Игорь Шелковский: «Искусство предельно капризно»
– Вы начали работать как скульптор в 1971 году, потому что считали, что живопись — умерла?
– Никогда так не считал. Но одно время казалось, что классическая живопись — холст, масло — до пределов исчерпала себя. Что только не делали с холстом: его резали, штопали, показывали пустым или закрашивали черной краской — были испробованы все возможности. В скульптуре я чувствовал себя свободнее.
— Откуда в СССР появлялась информация о том, что происходит в мире?
— Мы ничего толком не знали — ни что происходит в западном искусстве, ни что делалось у нас в начале века. Информации не было. Когда в училище им. 1905 года (МАХУ памяти 1905 года — прим. ред.) мы спрашивали преподавателей о 1920-х годах, они отвечали: «Забудьте это все, тогда были сплошные неудачные эксперименты, теперь это никому не нужно. Изучайте Репина и Сурикова».

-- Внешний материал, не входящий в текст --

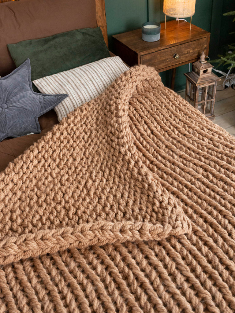This chunky knit blanket is a perfect way to create the Hygge atmosphere in your home.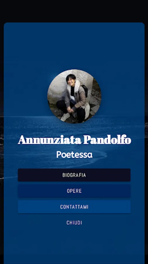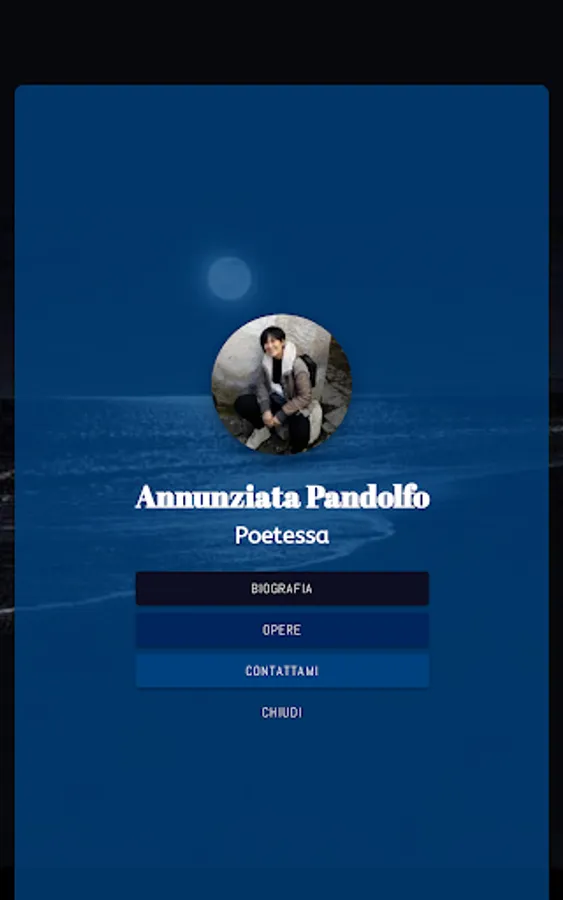 Pandolfo Annunziata, commonly referred to as Tina, was born in Latina in 1960. She attended the teaching institute, enrolled in the faculty of psychology but left her studies early and got married at a young age. She has two daughters and lives with her husband in a seaside resort in the province of Latina. She has always cultivated her passion for literature and culture in general: she likes reading, painting and isolating herself in her imagination by writing poems and stories. He makes use of the master's degree to impart tuition.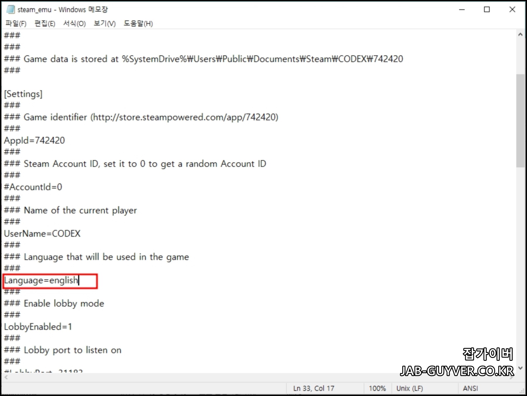steam.emu.ini 파일을 메모장으로 실행합니다.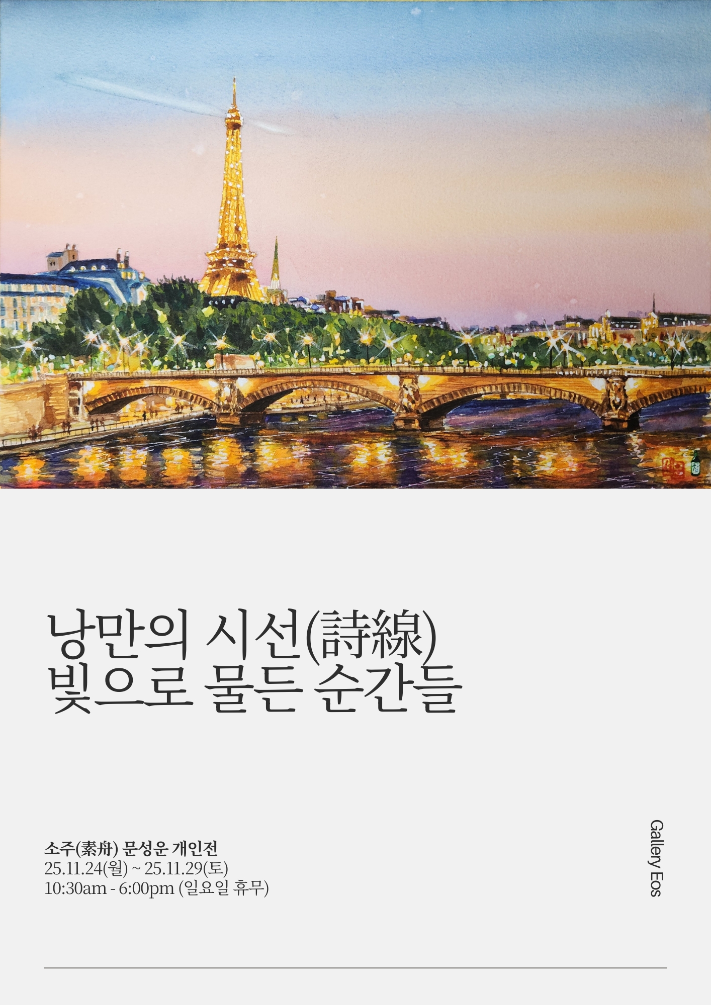 갤러리 EOS는 오는 11월 24일부터 29일까지, 소주(素舟) 문성운 개인전 《낭만의 시선(詩線) 빛으로 물든 순간들》을 개최합니다.

Можно было что-то узнать, если попадался старый журнал начала века, но и там все было на уровне Врубеля и Коровина. В здании «Метрополя» был небольшой букинистический магазин открыток. И там, среди основной массы открыток с передвижниками из Третьяковки или Русского музея, попадались и те, что были выпущены Музеем нового западного искусства (сам музей к тому времени уже был ликвидирован). На их обратной стороне был текст Абрама Эфроса или другого известного искусствоведа тех лет об этом художнике.

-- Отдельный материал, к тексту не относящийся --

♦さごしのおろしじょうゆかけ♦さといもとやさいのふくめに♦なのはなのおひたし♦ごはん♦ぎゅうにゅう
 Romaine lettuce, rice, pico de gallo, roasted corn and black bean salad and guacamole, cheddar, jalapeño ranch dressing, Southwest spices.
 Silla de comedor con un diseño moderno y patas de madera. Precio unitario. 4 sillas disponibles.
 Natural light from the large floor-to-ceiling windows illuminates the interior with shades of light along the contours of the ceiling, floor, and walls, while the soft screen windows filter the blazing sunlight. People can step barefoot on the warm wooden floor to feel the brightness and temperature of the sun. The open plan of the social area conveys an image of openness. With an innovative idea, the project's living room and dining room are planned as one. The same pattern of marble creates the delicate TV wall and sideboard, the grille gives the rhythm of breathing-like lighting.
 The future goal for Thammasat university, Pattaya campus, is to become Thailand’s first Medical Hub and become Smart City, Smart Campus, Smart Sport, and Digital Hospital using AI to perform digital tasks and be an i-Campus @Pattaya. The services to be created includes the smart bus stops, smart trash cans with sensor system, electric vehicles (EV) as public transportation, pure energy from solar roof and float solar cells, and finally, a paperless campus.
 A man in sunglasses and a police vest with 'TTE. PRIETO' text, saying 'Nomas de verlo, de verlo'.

На открытках были шедевры французской живописи: Ван Гог, Сезанн, Гоген, Матисс. Где ставить ударение в слове «Матисс», я тогда еще не знал. Про импрессионистов наша преподавательница литературы сказала: «было такое упадническое направление в музыке и живописи», но кто такой Матисс, она тоже не знала.
Возможность знакомиться с западным искусством в оригиналах появилась только в 1954 году, когда в Пушкинском музее стали вывешивать импрессионистов и постимпрессионистов из того же Музея нового западного искусства. До этого в ГМИИ в течение многих лет была совершенно поганая выставка подарков Сталину.

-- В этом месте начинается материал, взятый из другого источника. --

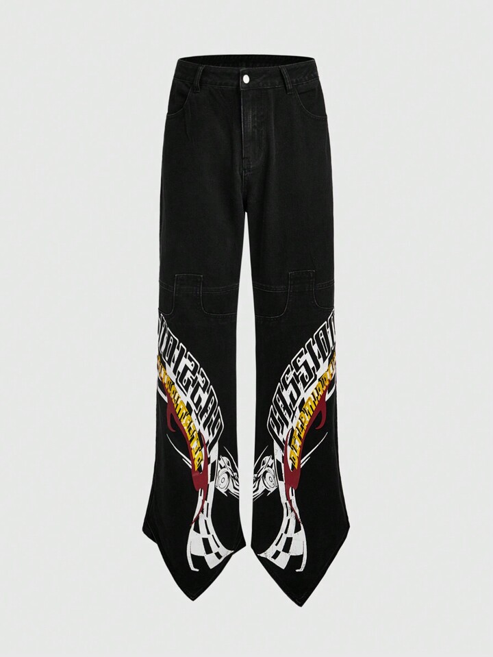 Street Life جينز مطبع بعنصر سباق الرجال المفكك، ملابس الشارع الصيفية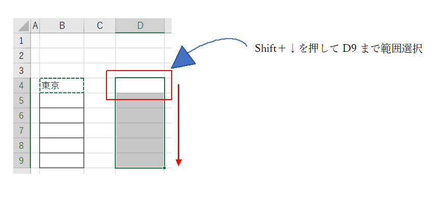 ③D4からShiftキーを押しながらキーボードの↓(下向きの矢印)を押して、D9まで選択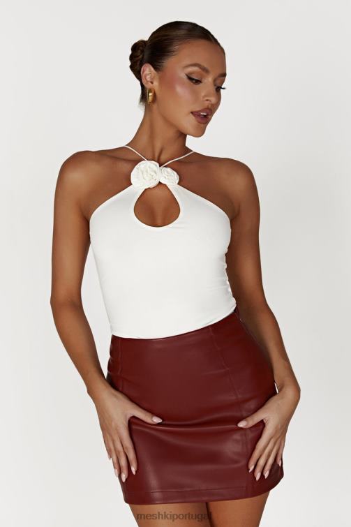 uma evolução do nosso top clássico frente única cruzado, é feito de nosso tecido elástico justo, com alças elásticas e adornado com detalhes de apliques de rosas 3D. a frente em formato de fechadura oferece um detalhe atraente nesta peça fácil de estilizar para o dia-a-noite. combine com nossa minissaia de couro sintético fulvo para um visual atemporal.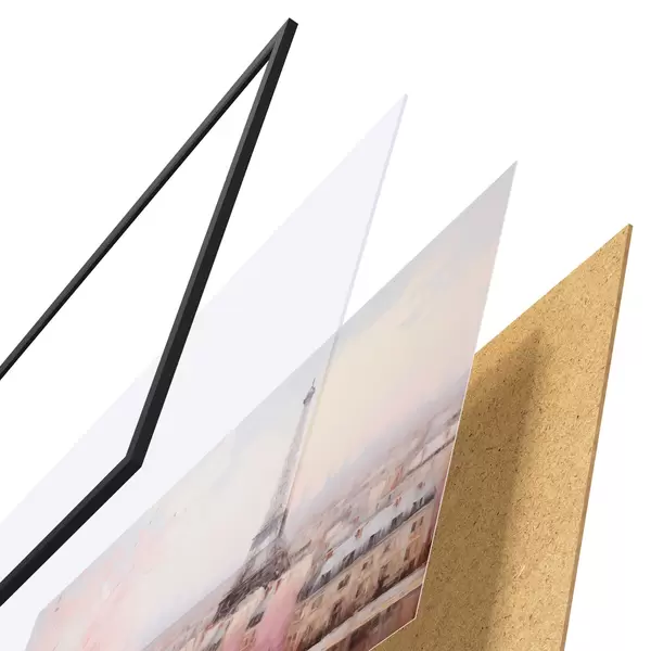 Plakatą sudaro rėmas, pleksiklas, atspausdintas vaizdas ir medžio drožlių plokštės pagrindas. Plakatą galima iš karto pakabinti ant sienos dėl kitoje pusėje esančių laikiklių.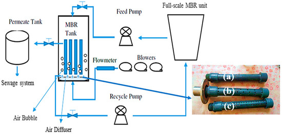 Flow diagram of pilot-scale MBR unit system, which utilizes main WWTP MBR as feed water source via feed pump, the pilot system used three Kubota plate type 0.4 µm membranes, aeration was achieved via three mini-blowers, excess sludge was taken from the reactor to WWTP MBR via recycle pump. Air diffusers with 1, 5, and 3 mm of perforated hole diameters ((a): 1 mm, (b): 5 mm and (c): 3 mm).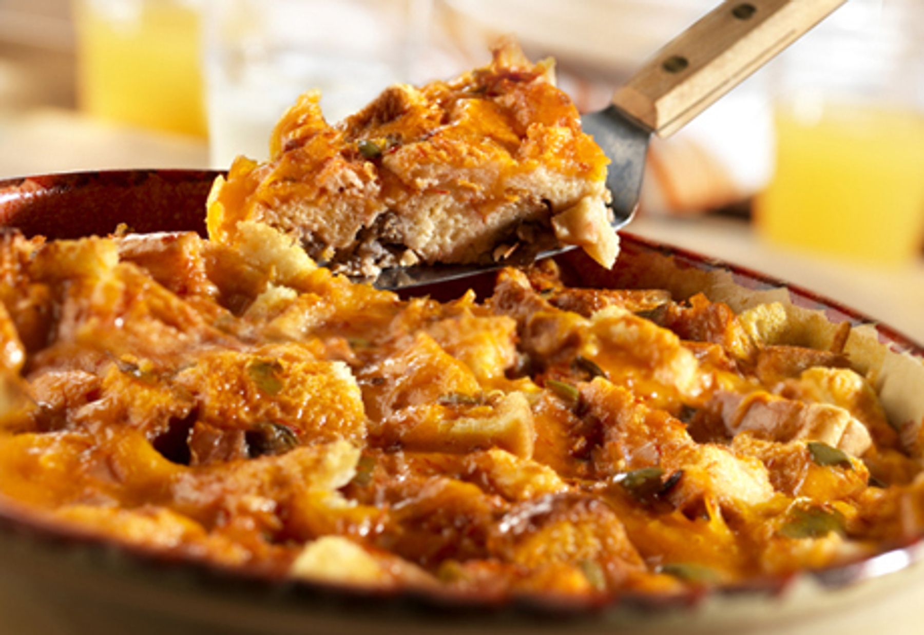 Spoon the sausage into an 11 x 7 x 2-inch baking dish. Top with the bread cubes and cheese. Beat the picante sauce, eggs and milk in a medium bowl with a fork or whisk. Pour the picante sauce mixture over the bread mixture. Stir and press the bread mixture into the picante sauce mixture to coat. Cover and refrigerate for 2 hours or overnight.

С современным нам заграничным искусством мы знакомились по западным журналам и редко доходившим книгам. У многих художников были друзья-иностранцы среди журналистов, дипломатов, студентов, которые снабжали их информацией о том, что происходит в искусстве сегодня. У меня были знакомые швейцарцы, привозившие мне журналы. В мастерских читались американские и европейские издания. Кто-то переводил с английского или немецкого, остальные слушали и смотрели картинки.
— Наши ли вы единомышленников после эмиграции в Париж в 1976 году?
— С какого-то возраста круг единомышленников уже не нужен. Это в 20 лет дым коромыслом и споры: через них молодой художник определяет свои позиции и свой язык. Когда это уже произошло, можно тихо работать в своей мастерской. У меня их две — в Москве и под Парижем.
Скульптор всегда ограничен размерами своего ателье. Мне хотелось бы делать скульптуры с пятиэтажный дом. Но в московской мастерской они упираются в трехметровый потолок.
На Западе, впрочем, скульпторы моего возраста делают гигантские вещи, и для них находятся деньги и место.
Есть такая китайская поговорка: одной рукой в ладоши не хлопнешь. Художник протягивает руку, а общество или протягивает ему навстречу, или нет.
Российскому обществу искусство сейчас не очень нужно — не до него.
— Для вас важно признание?
— Для меня важно внимание. Художник ищет зрителя, который разделит его идеи, которому понравится то, что он делает. Рахманинов говорил об одном пианисте, тот завял и погиб, потому что ему мало аплодировали. И это действительно так.
Сейчас во всех арт-школах учат, как правильно себя вести, как представлять себя и свои работы, как общаться с прессой, как построить свой бренд. Это и создает то плохое коммерческое искусство, которое мы видим на разных арт-парадах, независимо от того, в какой стране они проходят.
Искусство проверяется временем. Многие светила 30-40-летней давности сейчас и не вспоминаются.
Пикассо когда-то спросили, что такое искусство. Он ответил: «Если б знал, никому не сказал бы». Об искусстве сложно говорить. Оно предельно капризно. Допустим, что мелом очерчиваем круг и утверждаем: искусство — только то, что внутри круга. А оно уже переступило меловую линию и смеется над нами.
— В «А-Я» вы опубликовали множество работ концептуалистов. Но сейчас говорят, что пришло время «новой образности» и сухой язык концептуализма больше не востребован. Как вам кажется, есть ли у него будущее?
— Если зритель и дальше пожелает его смотреть, то будущее будет. Если публике станет скучно, то будущее окажется более жалким. Но ведь искусство и есть вечная перемена.